Data segment -
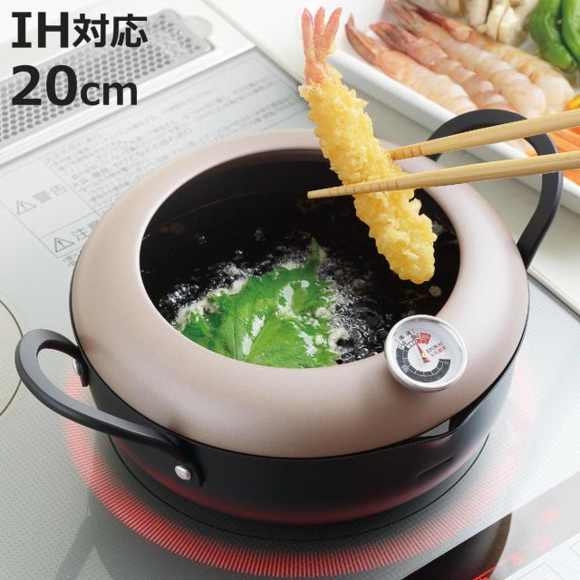 両手天ぷら鍋 20cm IH対応 鉄製 揚げ天 温度計付き 日本製 ( ガス火対応 ih対応 フライ鍋 フライヤー 揚げ鍋 揚げ物鍋 両手鍋 なべ 20センチ 鉄鍋 鉄製揚げ鍋鉄製 揚鍋 天婦羅鍋 ガード付き 油はね防止 油はねガード )
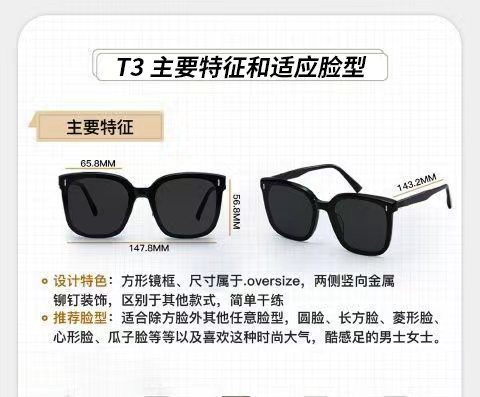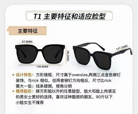 t37-black frame black and grey lens [metal rice nail]
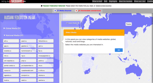 Trackography иллюстрирует, какие компании отслеживают наши данные, когда мы читаем новости в Интернете, а также в какие страны эти данные попадают каждый раз, как мы заходим на веб-ресурс. Цель Trackography – повышение осведомленности и прозрачности информации о сборе данных пользователей.
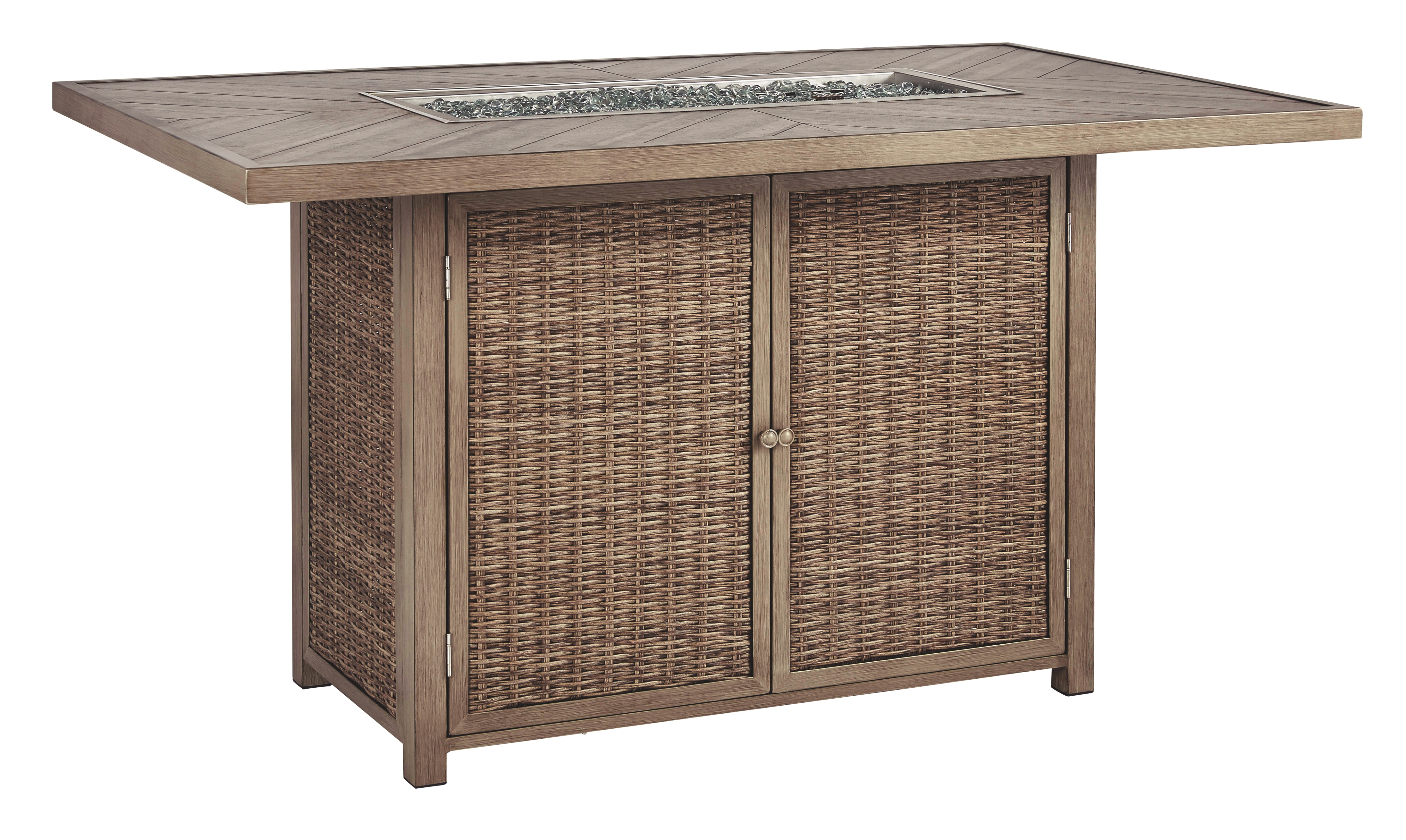 Turn your backyard into a hotspot for entertaining with this fire pit table. Sporting an easy-on-the-eyes look inspired by driftwood, this fire pit table elevates the art of alfresco living. Its chic chevron-patterned porcelain top is paired with all-weather resin wicker over rust-proof aluminum for beauty and brawn. A stainless steel burner with glass beads adds a captivating element sure to wow.Read More

Exercise objective - Print the material above word for word, first line through the line with "Trackography иллюстрирует, какие", and leave every picture out.

Answer to the exercise -
 両手天ぷら鍋 20cm IH対応 鉄製 揚げ天 温度計付き 日本製 ( ガス火対応 ih対応 フライ鍋 フライヤー 揚げ鍋 揚げ物鍋 両手鍋 なべ 20センチ 鉄鍋 鉄製揚げ鍋鉄製 揚鍋 天婦羅鍋 ガード付き 油はね防止 油はねガード )
 t37-black frame black and grey lens [metal rice nail]
 Trackography иллюстрирует, какие компании отслеживают наши данные, когда мы читаем новости в Интернете, а также в какие страны эти данные попадают каждый раз, как мы заходим на веб-ресурс. Цель Trackography – повышение осведомленности и прозрачности информации о сборе данных пользователей.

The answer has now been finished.